Supported Tomcat versions for SSL Java SSL/OpenSSL and BIO/NIO/APR:

BIONIOAPR
Tomcat Version3.x onwards6.x onwards5.5.x onwards
SSL SupportJava SSLJava SSLOpenSSL
Note: The configuration discussed in this article can be applied to vFabric tc Server, ERS, and ASF Tomcat depending on the Tomcat version and the type of SSL support for your environment.

In this article, we are using vFabric tc Server-2.5.0, tomcat-6.0.32.B.RELEASE, Java 6 keytool, and OpenSSL on a Linux platform.

Create a self-signed Certificate Authority (CA)

Note: We are using OpenSSL to generate our own root Certificate Authority (CA), which is used to sign our tc Server and client certificates.

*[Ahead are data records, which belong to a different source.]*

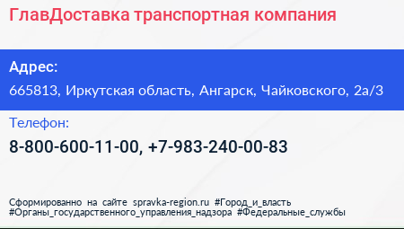 ГлавДоставка, транспортная компания по адресу 665813, Иркутская область, Ангарск, Чайковского, 2а/3 в дальнейшем Организация, размещена в следующих категориях: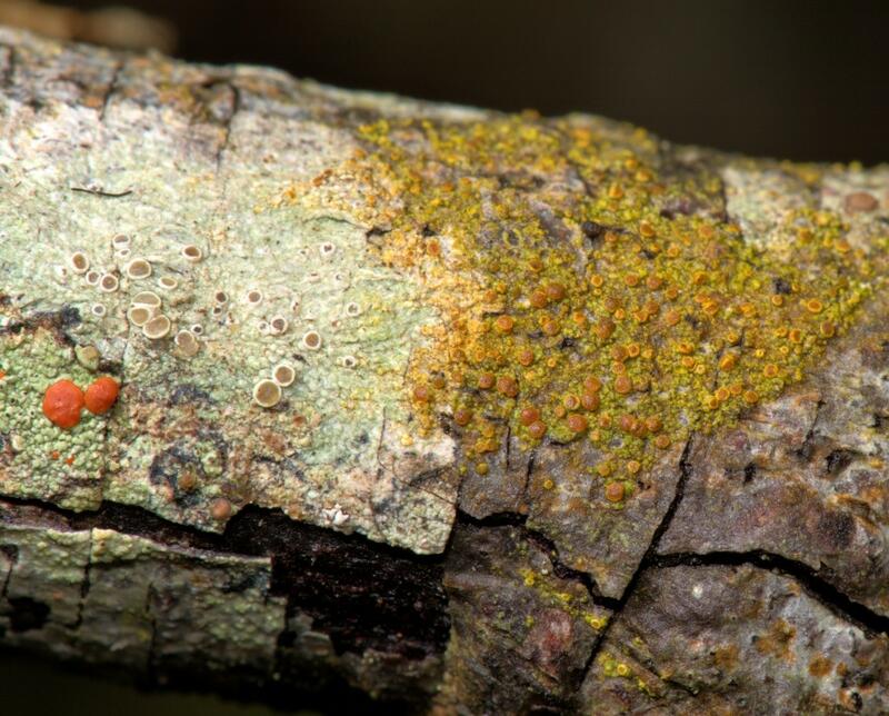 Obscure yellow or greenish smooth thallus with tiny bright orange apothecia, the rims often paler than the disk; thalli often minute & sparsely fertile (rarely densely fertile as in photo); FIELD ID: unmistakable with careful observation, once you train yourself to see the tiny smudges of yellow with orange dots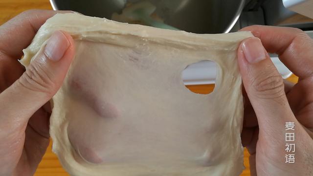 取一小块面团一边旋转一边抻开,能拉出较粗的膜,说明面筋已经初步形成,大概在6成左右。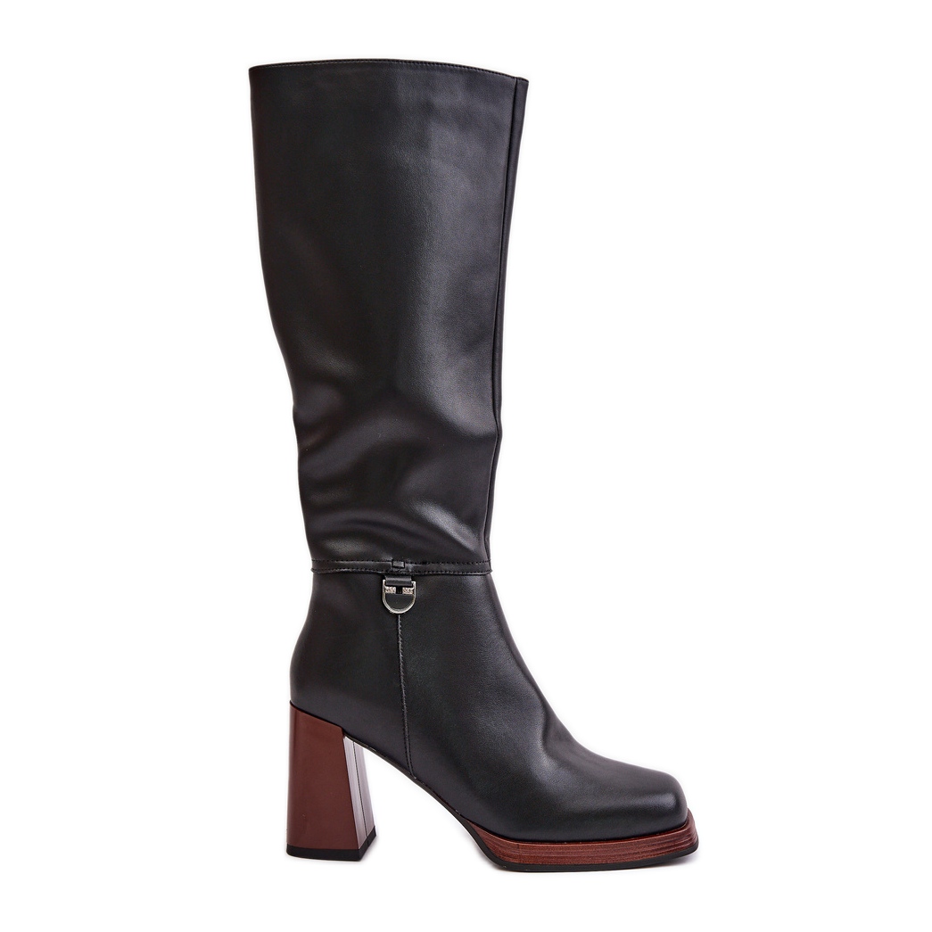 Ces bottes atteignant les genoux sont intégrées sur un talon stable sous la forme d'un poteau, qui mesure 9 cm de haut, ce qui affecte le confort de porter et ajoute la classe et le style. Le nez carré classique leur donne un personnage moderne, et la fermeture éclair le rend plus facile à mettre et à décoller.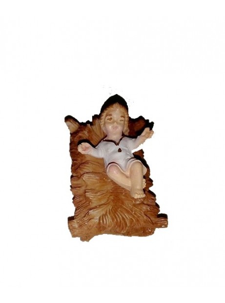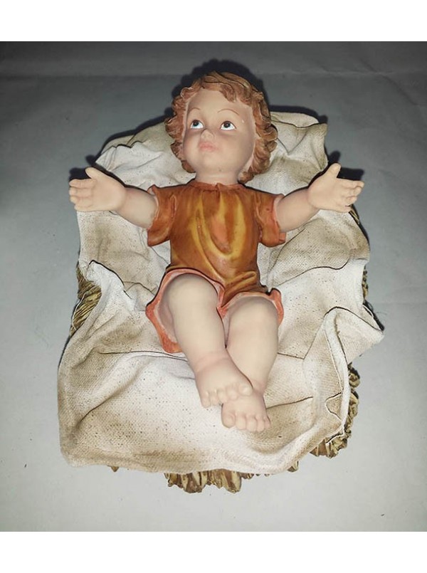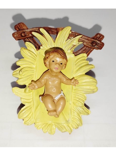 Gesu' bambino con culla in resina e stoffa 15x11lx10h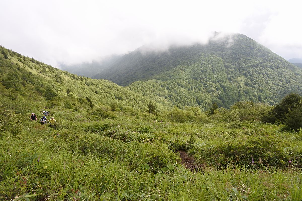 少しだけ青空が見えてきました。湯の丸経由で烏帽子岳に登る人達が大勢おります。

First, modify the default configuration values in the openssl.cnf file and export it according to our environment:

> cp /path/to/openssl.cnf /path/to/openssl.cnf.orig
> vi /path/to/openssl.cnf

dir = ./myca # Where everything is kept
certificate = $dir/myca.crt # The CA certificate
crl = $dir/myca.crl # The current CRL
private_key = $dir/private/myca.key # The private key
serial = $dir/serial # The current serial number
database = $dir/index.txt # database index file

> export OPENSSL_CONF=/path/to/openssl.cnf

Set up the tc Server home and instance paths:

> tcs_home=~/testings/tcserver/2.5.0
> tcs_inst=$tcs_home/instances/2wayssl-dev1

Create the tc Server instance ssl directory and sub-directories to hold our CA, tc Server, and client key and certificate files:

> mkdir -p $tcs_inst/conf/ssl/myca/{ca,newcerts}
> cd $tcs_inst/conf/ssl
Create a unique OpenSSL serial number to keep track of the certificate:

> echo "01" > myca/serial

Create a database index.txt file:

> touch myca/index.txt

Generate a 2048-bit Certificate Authority (CA) private key:

> openssl genrsa -out myca/ca/myca.key 2048
Generating RSA private key, 2048 bit long modulus
.......................................................+++
..+++
e is 65537 (0x10001)

Generate a CA certificate signing request:

> openssl req -new -key myca/ca/myca.key -out myca/ca/myca.csr
You are about to be asked to enter information that will be incorporated
into your certificate request.
What you are about to enter is what is called a Distinguished Name or a DN.
There are quite a few fields but you can leave some blank
For some fields there will be a default value,
If you enter '.', the field will be left blank.
-----
Country Name (2 letter code) [AU]:us
State or Province Name (full name) [Some-State]:ca
Locality Name (eg, city) []:sf
Organization Name (eg, company) [Internet Widgits Pty Ltd]:vmware
Organizational Unit Name (eg, section) []:tse
Common (Server) Name (eg, www.example.com) []:my own root ca
Email Address []:root@localhost

Please enter the following 'extra' attributes
to be sent with your certificate request
A challenge password []:secret
An optional company name []:

Generate a Self-Signed CA certificate:

> openssl x509 -req -days 365 -in myca/ca/myca.csr -out myca/ca/myca.crt -signkey myca/ca/myca.key
Signature ok
subject=/C=us/ST=ca/L=sf/O=vmware/OU=tse/CN=my own root ca/emailAddress=root@localhost
Getting Private key

Now that we have created our own CA, it is time to create the server certificate and configure the tc Server.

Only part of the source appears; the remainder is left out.